インドネシアの建築のリサーチを目的にジョグジャを訪れた私は、マスケンタ(横内氏)の家兼アートスペースでもあるASPに滞在させてもらった。共有のダイニングにはしばしば友人たちが集まってきて料理を作って食べ、時にはそれをランチボックスのように販売し、時にはインドネシア人向けの日本語教室が開かれ、そんな間にも知り合いの知り合いが泊まりにやってきて、拾った猫の世話を一緒にしたりする。

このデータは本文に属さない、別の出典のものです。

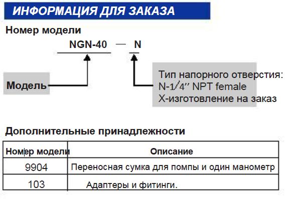ОСОБЛИВОСТІ - Портативність Вага приладу – близько 3 кг Номер моделі NGN-40 - N Тип напірного отвору: N-1 4'' NPT female X-виготовлення на замовлення - Висока роздільна здатність 10 Па (01 мбар) Високоякісний гвинтовий прес для точного настроювання тиску Модель - Висока стабільність Спеціально розроблений запірний клапан робить тиск максимально стійким під час проведення калібрування. Додаткове приладдя Номер моделі Опис - Мінімальне технічне обслуговування Вбудований газорідинний ізолятор захищає насос від вологи та бруду - Легкість в експлуатації Тиск може бути встановлений і відрегульований точно та швидко за допомогою простого повороту рукоятки - Гвинтові конектори Дозволяють легко підключатися та вимикатися до пневматичній помпі без необхідності застосування тефлонової підмоткової стрічки або гайкових ключів ЗАСТОСУВАННЯ Ручна пневматична помпа NGN-40 розроблена для генерації тиску від 95% вакууму до 40 бар для додатків, що вимагають точного вимірювання тиску та калібрування. Він може бути використаний для калібрування манометрів великого розміру, датчиків чи інших вимірювальних приладів тиску.

ところで、ASPの前には廃墟のように手入れのされていない庭というか空き地のような場所があった。所有者はいるが管理者の明確でない、3方を異なる家に囲まれた空間。ASPもその空間に面した家の一つだった。私たちはこの庭を片付けはじめ、植物を買ってきては勝手に植えた。熱帯の気候で、日本では目にすることのない色あざやかで不思議な形をした植物たちはみるみる大きく成長し、だんだん本当の庭みたいになった。そこを片付ける中で現れる建物の基礎のような塊や小さな段差、鉄の格子状の構築物、直線上に植えられたパパイヤの木に、もともとそれらを作った誰かの意図や痕跡を感じながら、現地の職人とタイルの床を作ったり、芝を貼ったり、大きな木を何本も移動させたりした。そしていつも水をやった。また、誰のものかよく分からない、この半公共的な庭のような場所をどんな風に豊かにできるかを考えるレッスンとして、この庭で5夜連続の映画鑑賞会を企画した。
(個人としてはASPを拠点にしながら、増改築が繰り返されたジョグジャの建築や集落の調査をしたり、現地のコレクティブと一緒にとある家の写真集を作ったりした。気候や慣習、現地の技術に依存する建築や街の環境を身近に感じ、ゆっくりとした時間を過ごしながら、日々の生活を豊かにすること(文化?)について考えるようになった。)
何か思い立って始めようと思えば、たいていのことは受け入れてくれるみたいなこの土地の性格は、隙間だらけ、継ぎ接ぎだらけの人の手で作られた建築にも表れているみたいに思う。ASPもそんなジョグジャのおおらかなで生活に根ざしたスポットの一つだ。